* DATA RECORDS:
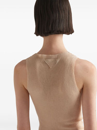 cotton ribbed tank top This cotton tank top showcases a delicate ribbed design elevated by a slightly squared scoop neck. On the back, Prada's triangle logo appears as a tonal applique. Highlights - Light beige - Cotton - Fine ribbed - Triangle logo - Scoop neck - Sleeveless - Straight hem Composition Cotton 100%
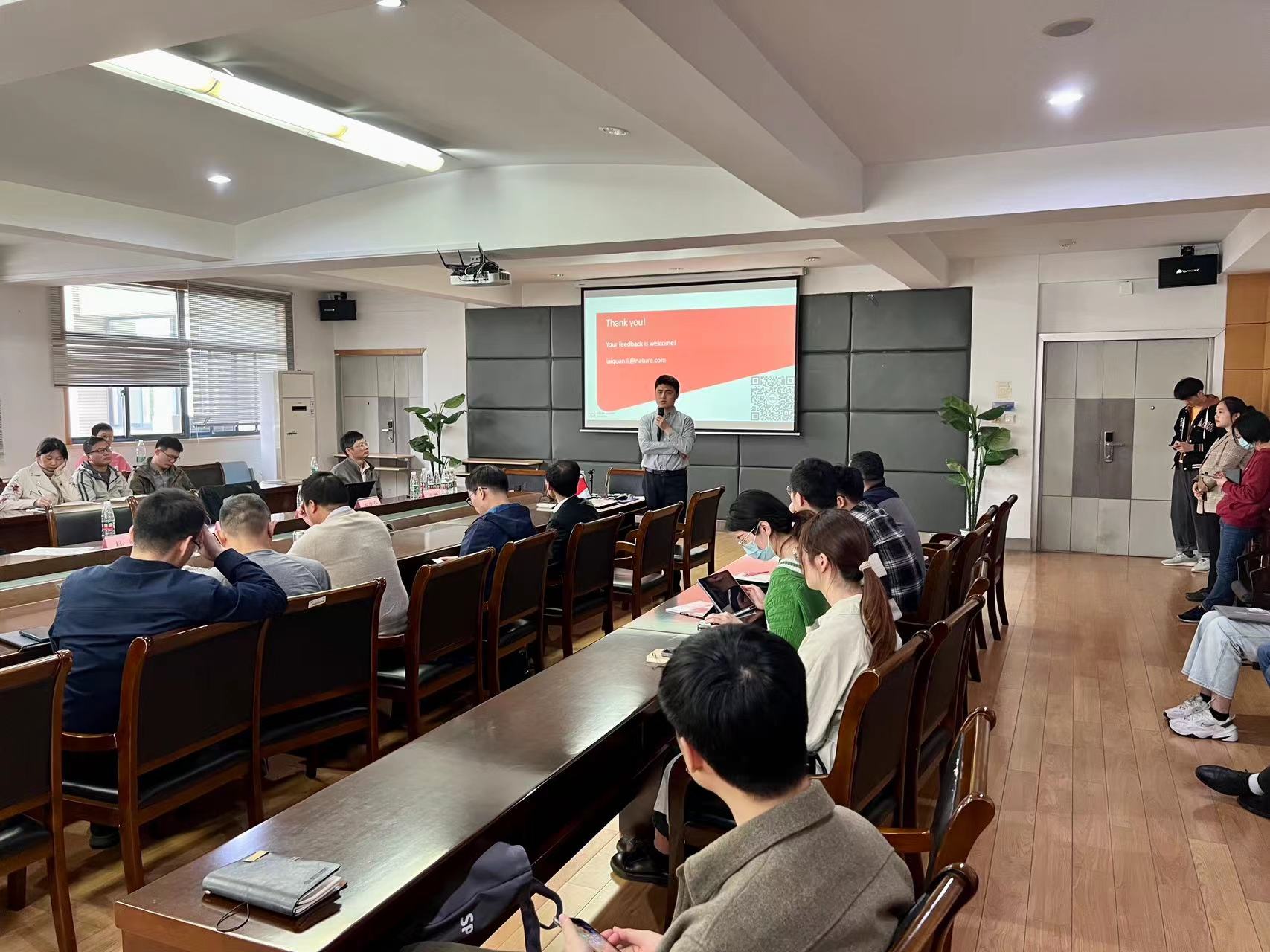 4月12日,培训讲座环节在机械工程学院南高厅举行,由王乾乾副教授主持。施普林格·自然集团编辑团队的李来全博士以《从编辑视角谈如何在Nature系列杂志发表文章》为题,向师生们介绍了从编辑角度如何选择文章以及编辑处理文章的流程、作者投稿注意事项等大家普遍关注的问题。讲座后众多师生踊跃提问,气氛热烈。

==

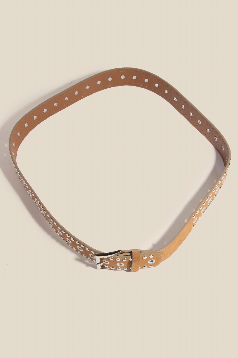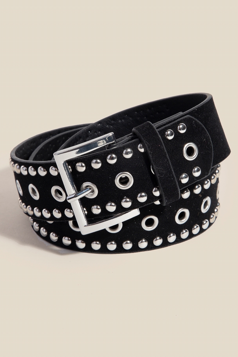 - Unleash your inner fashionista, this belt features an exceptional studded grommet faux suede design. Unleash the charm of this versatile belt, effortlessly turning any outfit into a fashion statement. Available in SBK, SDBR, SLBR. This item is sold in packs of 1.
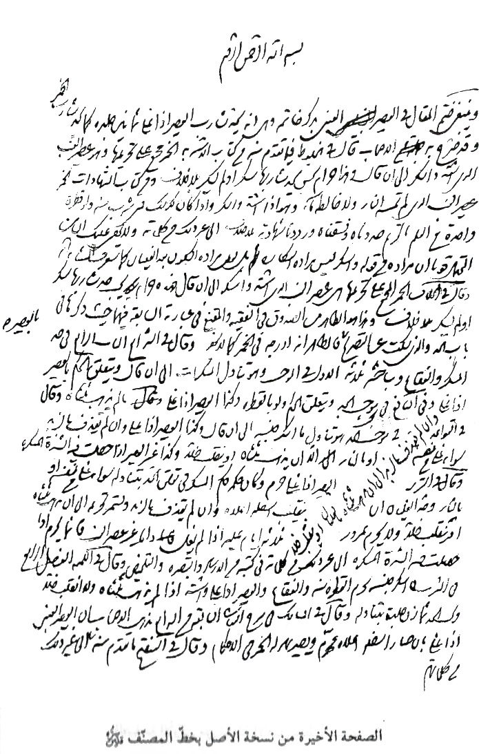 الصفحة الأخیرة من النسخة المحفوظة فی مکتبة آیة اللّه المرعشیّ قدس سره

==

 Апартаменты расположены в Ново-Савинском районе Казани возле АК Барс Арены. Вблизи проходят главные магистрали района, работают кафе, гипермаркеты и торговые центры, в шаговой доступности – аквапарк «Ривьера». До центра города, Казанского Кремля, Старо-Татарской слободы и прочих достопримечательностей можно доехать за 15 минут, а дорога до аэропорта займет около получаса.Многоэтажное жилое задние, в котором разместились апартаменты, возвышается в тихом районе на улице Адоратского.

* WHAT IS NEEDED:
Only one stretch of the listing above is to be duplicated: the lines from the one containing "cotton ribbed tank" through the one containing "4月12日,培训讲座环节在机", both included. Copy them exactly, minus the pictures.

* EXERCISE RESPONSE:
 cotton ribbed tank top This cotton tank top showcases a delicate ribbed design elevated by a slightly squared scoop neck. On the back, Prada's triangle logo appears as a tonal applique. Highlights - Light beige - Cotton - Fine ribbed - Triangle logo - Scoop neck - Sleeveless - Straight hem Composition Cotton 100%
 4月12日,培训讲座环节在机械工程学院南高厅举行,由王乾乾副教授主持。施普林格·自然集团编辑团队的李来全博士以《从编辑视角谈如何在Nature系列杂志发表文章》为题,向师生们介绍了从编辑角度如何选择文章以及编辑处理文章的流程、作者投稿注意事项等大家普遍关注的问题。讲座后众多师生踊跃提问,气氛热烈。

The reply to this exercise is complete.